# Duramax MPG's



## EXR (Apr 1, 2009)

I just calculated the last two tanks in my truck and the one tank I got 9.4MPG and the other 9.6MPG. I did a calcualation few months back and it was around the same. This time I made sure to check after I had some fluids changed (oil, front and rear diff).

This is mostly city pulling a 16ft landscape trailer with total weight of 6000lb with equipment/trailer combo with multiple stops during the day.

I know Triple L is getting 450-500km per tank on his truck....I only get 350kms per tank. Just for the record this is exactly what I got on my 03 2500 ext cab short box 6L same set up. I have owed my dmax for over a year and havent hit 375kms per tank pulling my gear yet.

Oh and I run 265/16 AT tires (nitrogen filled).

Anyone else getting terrible MPG's on the 07 and up NBS dmax?


----------



## GMC Driver (Sep 9, 2005)

Can't say I've ever seen it that bad.

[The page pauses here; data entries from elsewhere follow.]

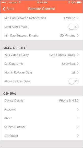 Multe lucruri pot transmite în flux și înregistra prin intermediul unei conexiuni celulare, dar, în general, este o idee bună să păstrați „Permite date celulare” dezactivat, astfel încât să nu treceți prin alocația lunară de date. Cu toate acestea, puteți vedea în continuare fluxul live și înregistrările de pe telefonul vizualizator printr-o conexiune celulară.
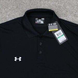 Under Armour Polo Shirt NWT Mens Large Black Heatgear Loose Fit Obama Care Logo
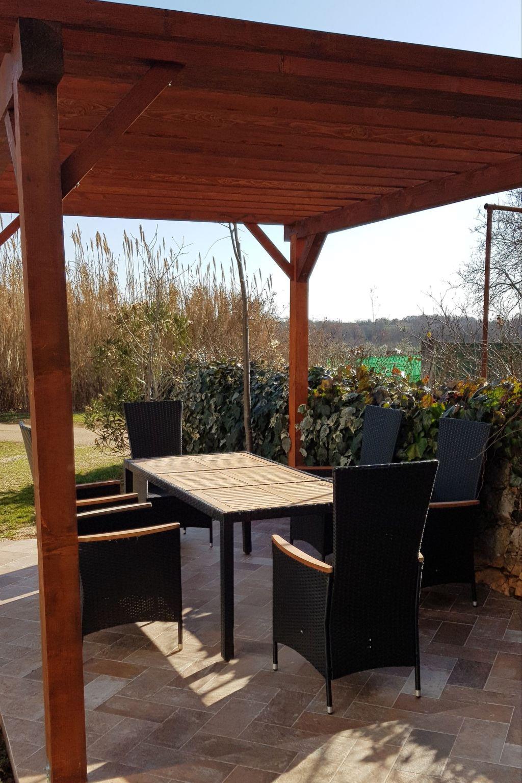 This two bedroom apartment is newly renovated and fully equipped. It's has a modern open-space design with a high ceiling. Parking is free and in front of the apartment. The apartment has 80 m2 which makes him one of the biggest in the area and delivers great comfort. Relax in the garden under the pergola, grill whenever you please, and have a memorable stay. The apartment is located in a typical Istrian village only 4 minutes drive from the beach and 5 min from the famous Aquapark Istralandia.

Even pulling the 36' RV it does better than that.

Right out of the box it was 14-16 MPG. Once the DPF fell off, it went to 18-20 MPG. Best tank ever was a few weeks ago - 845kms on the 95 L tank.


----------



## mkwl (Jan 21, 2005)

Did you accomidate for the larger tire size in your calculations?

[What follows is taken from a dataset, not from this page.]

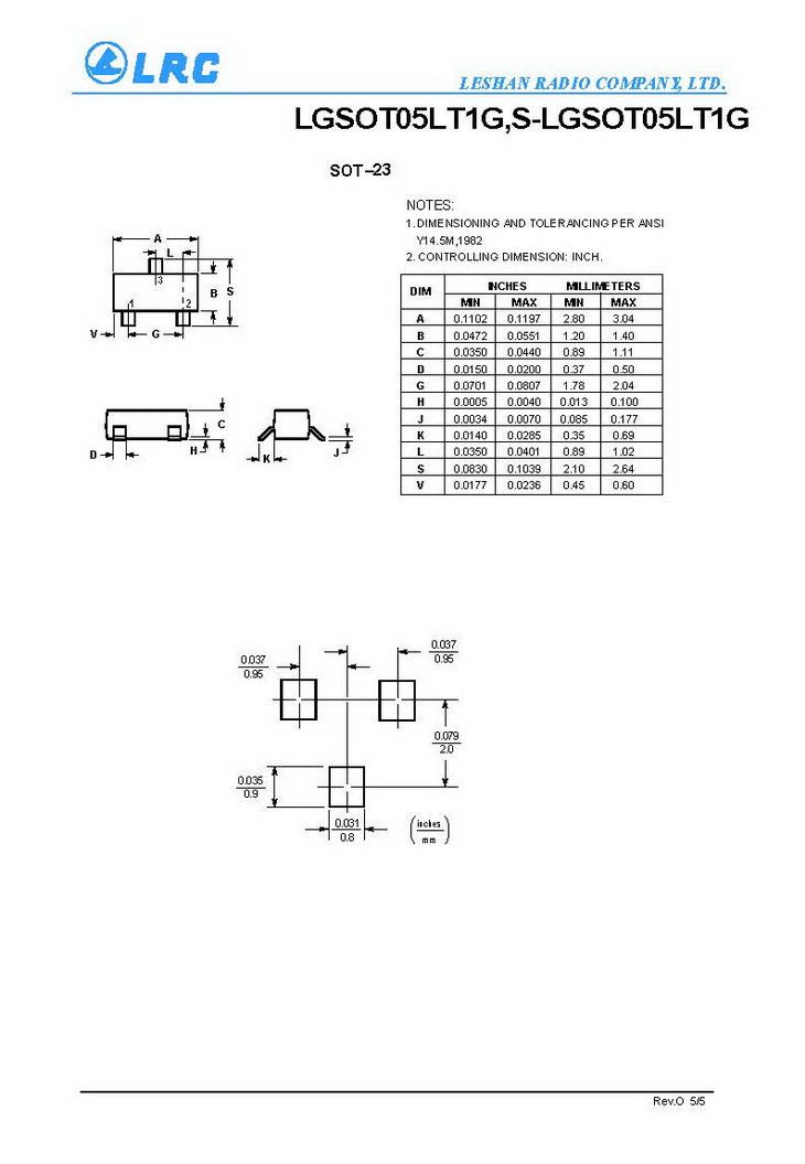 LGSOT05LT1G VRM 5V VC 9.8V CJ 220pF SOT-23 LRC通用ESD保護(hù)二極管

The DPF makes that much difference... glad my '06 doesn't have one!


----------



## badabing1512 (Aug 28, 2008)

You have a Edge Programmer on there? I know they were casuing some trucks to get ****** mileage, other than that do a full exhaust with a programmer that can erase dtcs and youll see a good 2-5 mpg improvement


----------



## Triple L (Nov 1, 2005)

He'd be stupid to put a tuner on it.... Or an exhaust... The trucks still under warranty, Thats the last thing you'd want to void expecially when its gettting this bad fuel economy cause you know somethings not right...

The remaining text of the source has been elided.